Using the data beneath this instruction, retype only the lines from the one that contains "j*****n5Plus Size &" down to the one that contains "正門を入ってすぐの掲示板に1", both included, exactly as they appear.

#### INFORMATION GIVEN
※ ※ ※

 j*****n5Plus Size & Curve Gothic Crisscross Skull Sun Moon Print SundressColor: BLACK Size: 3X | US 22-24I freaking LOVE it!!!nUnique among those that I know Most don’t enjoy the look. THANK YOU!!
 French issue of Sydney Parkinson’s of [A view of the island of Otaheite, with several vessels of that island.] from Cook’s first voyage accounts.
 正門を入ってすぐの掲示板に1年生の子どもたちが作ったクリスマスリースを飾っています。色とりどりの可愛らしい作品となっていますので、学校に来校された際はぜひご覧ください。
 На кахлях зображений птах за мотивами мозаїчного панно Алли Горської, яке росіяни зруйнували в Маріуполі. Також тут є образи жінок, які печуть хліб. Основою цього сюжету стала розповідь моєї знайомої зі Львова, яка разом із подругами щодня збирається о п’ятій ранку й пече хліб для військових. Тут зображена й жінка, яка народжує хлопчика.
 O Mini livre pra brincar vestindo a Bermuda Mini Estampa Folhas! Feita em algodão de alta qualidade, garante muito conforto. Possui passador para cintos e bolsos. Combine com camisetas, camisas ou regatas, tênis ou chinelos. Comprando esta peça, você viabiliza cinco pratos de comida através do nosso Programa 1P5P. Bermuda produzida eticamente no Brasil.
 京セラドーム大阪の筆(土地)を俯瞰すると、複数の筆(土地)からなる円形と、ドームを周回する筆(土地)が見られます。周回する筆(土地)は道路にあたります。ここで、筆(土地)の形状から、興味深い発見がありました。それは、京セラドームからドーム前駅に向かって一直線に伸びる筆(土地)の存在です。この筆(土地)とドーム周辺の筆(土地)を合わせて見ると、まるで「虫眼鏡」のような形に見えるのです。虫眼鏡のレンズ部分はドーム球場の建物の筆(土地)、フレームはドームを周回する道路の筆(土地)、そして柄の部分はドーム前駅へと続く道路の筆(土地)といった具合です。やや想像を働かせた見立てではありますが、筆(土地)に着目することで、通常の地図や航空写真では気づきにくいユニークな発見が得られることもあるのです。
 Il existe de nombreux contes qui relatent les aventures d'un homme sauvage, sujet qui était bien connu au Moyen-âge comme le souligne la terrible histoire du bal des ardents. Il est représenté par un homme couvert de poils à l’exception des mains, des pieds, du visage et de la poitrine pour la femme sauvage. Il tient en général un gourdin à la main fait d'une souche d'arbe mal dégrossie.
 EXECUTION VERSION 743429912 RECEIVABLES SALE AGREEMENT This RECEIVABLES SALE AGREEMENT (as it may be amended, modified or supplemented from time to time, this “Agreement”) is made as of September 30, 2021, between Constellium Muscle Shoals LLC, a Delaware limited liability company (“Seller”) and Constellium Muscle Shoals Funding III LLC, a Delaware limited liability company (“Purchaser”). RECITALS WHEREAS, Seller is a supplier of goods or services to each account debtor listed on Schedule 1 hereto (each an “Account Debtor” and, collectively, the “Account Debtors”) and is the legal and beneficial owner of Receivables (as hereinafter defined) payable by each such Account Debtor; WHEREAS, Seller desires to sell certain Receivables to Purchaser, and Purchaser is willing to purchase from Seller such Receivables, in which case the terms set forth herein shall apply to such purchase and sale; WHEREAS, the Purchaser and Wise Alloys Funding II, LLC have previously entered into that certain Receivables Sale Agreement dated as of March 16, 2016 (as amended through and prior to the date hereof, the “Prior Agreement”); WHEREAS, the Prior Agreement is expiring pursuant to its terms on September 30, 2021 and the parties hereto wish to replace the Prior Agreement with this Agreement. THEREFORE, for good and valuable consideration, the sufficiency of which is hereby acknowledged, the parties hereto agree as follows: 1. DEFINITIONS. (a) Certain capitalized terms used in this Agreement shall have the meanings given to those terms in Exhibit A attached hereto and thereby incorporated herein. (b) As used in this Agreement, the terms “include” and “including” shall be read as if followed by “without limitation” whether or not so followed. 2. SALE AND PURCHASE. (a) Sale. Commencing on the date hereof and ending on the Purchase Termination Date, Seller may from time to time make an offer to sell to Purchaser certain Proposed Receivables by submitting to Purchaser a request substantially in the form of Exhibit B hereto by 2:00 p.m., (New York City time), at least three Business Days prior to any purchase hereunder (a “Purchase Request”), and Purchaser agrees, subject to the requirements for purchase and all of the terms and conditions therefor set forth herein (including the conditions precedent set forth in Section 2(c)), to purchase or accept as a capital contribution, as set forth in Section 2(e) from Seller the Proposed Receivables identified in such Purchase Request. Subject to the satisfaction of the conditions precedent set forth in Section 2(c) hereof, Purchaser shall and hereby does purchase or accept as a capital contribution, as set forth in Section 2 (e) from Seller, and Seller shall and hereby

※ ※ ※

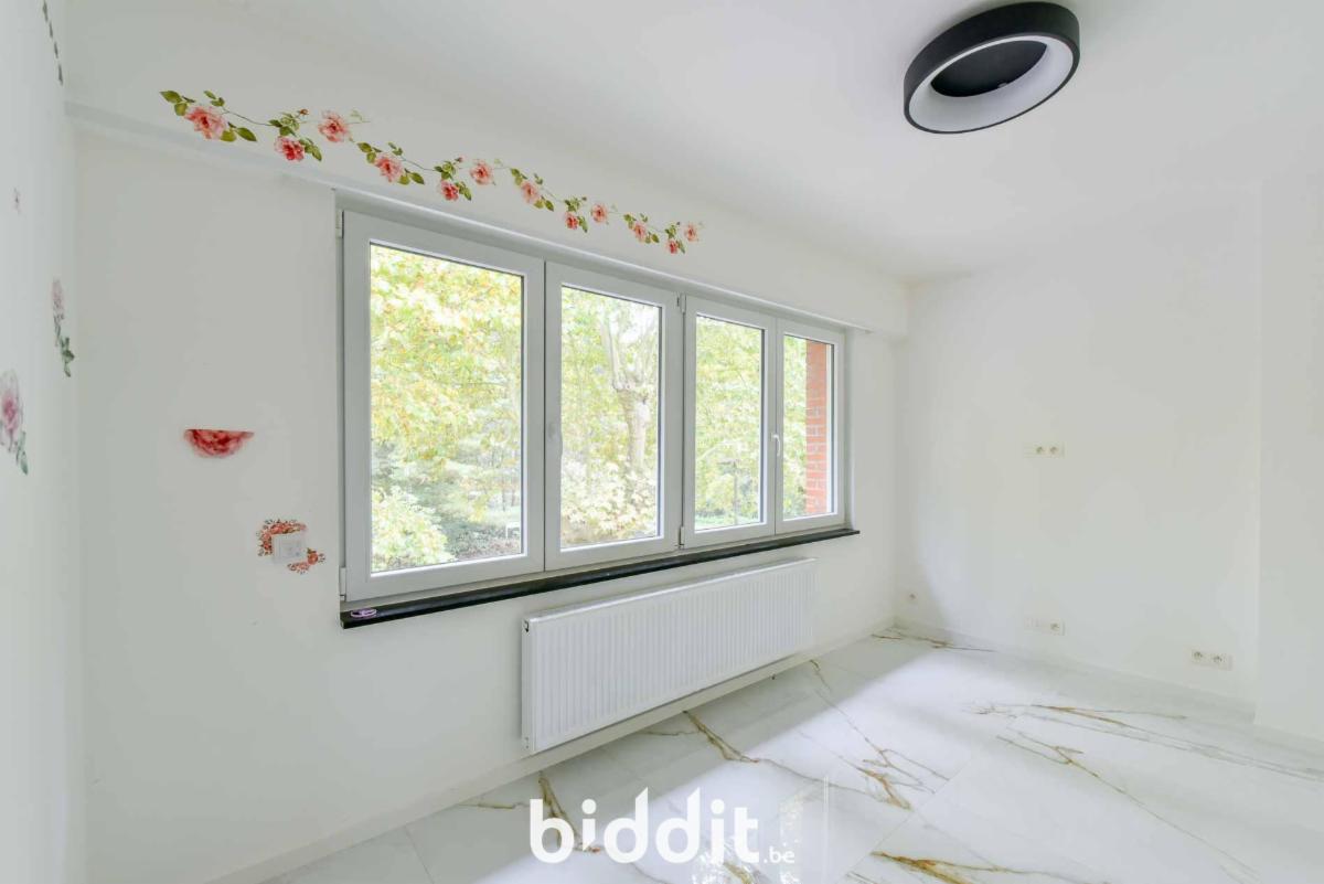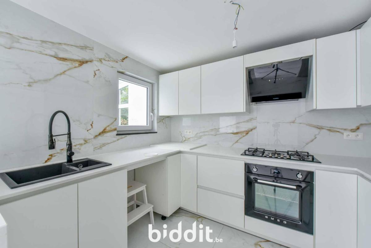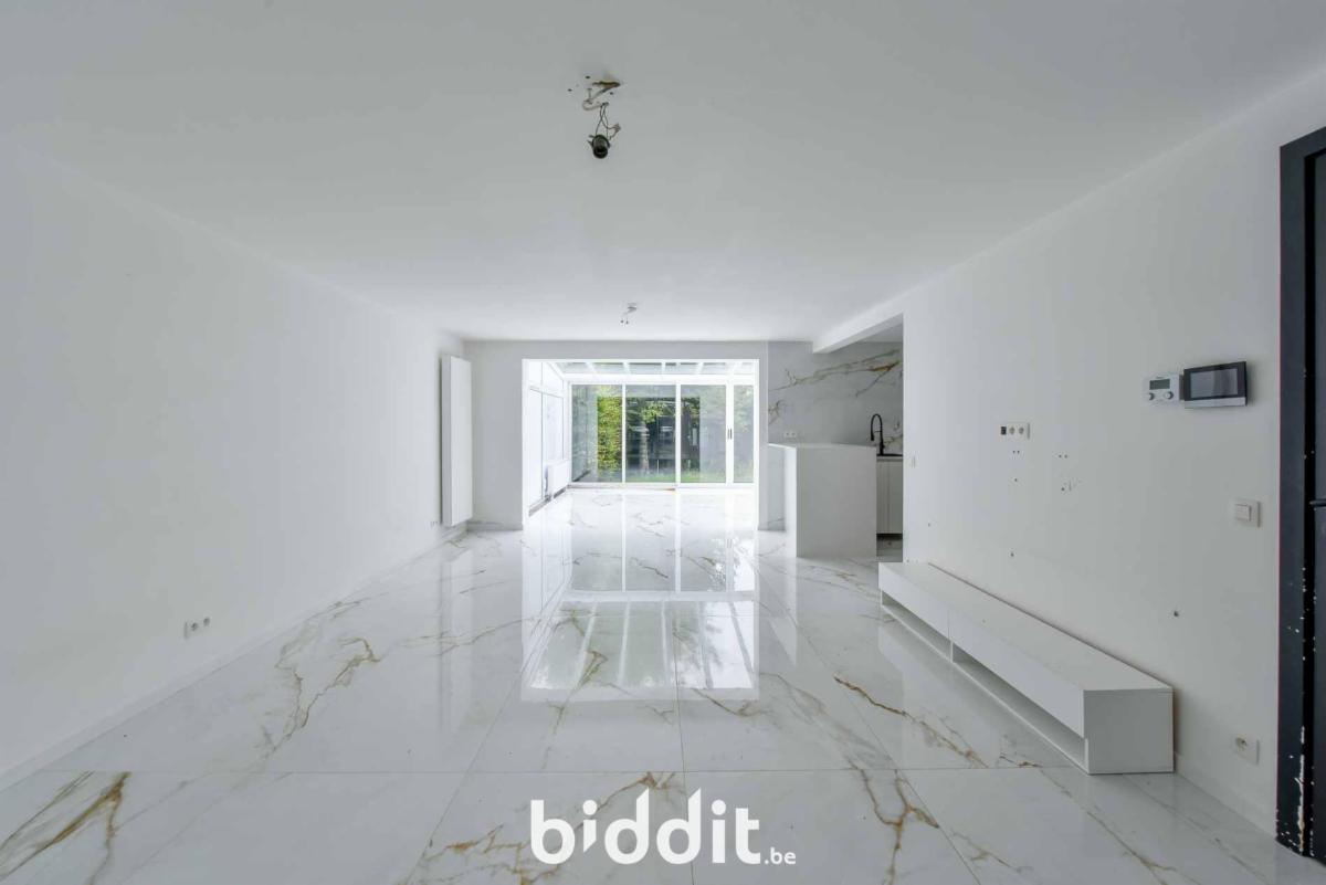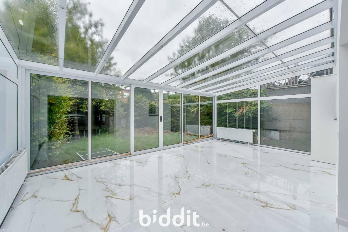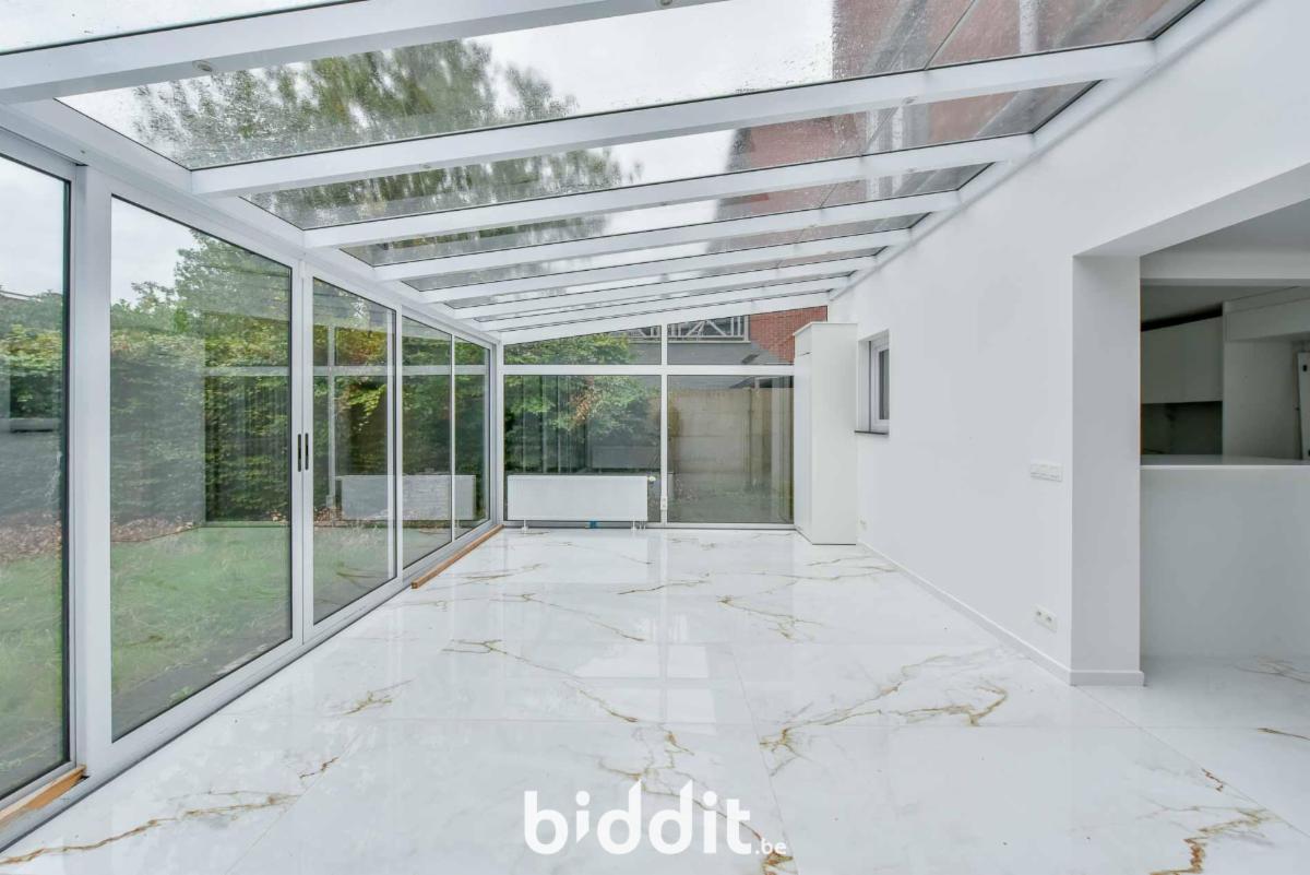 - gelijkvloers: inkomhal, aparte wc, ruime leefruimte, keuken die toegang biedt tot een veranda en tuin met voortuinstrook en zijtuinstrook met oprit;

※ ※ ※

#### WRITTEN RESPONSE
 j*****n5Plus Size & Curve Gothic Crisscross Skull Sun Moon Print SundressColor: BLACK Size: 3X | US 22-24I freaking LOVE it!!!nUnique among those that I know Most don’t enjoy the look. THANK YOU!!
 French issue of Sydney Parkinson’s of [A view of the island of Otaheite, with several vessels of that island.] from Cook’s first voyage accounts.
 正門を入ってすぐの掲示板に1年生の子どもたちが作ったクリスマスリースを飾っています。色とりどりの可愛らしい作品となっていますので、学校に来校された際はぜひご覧ください。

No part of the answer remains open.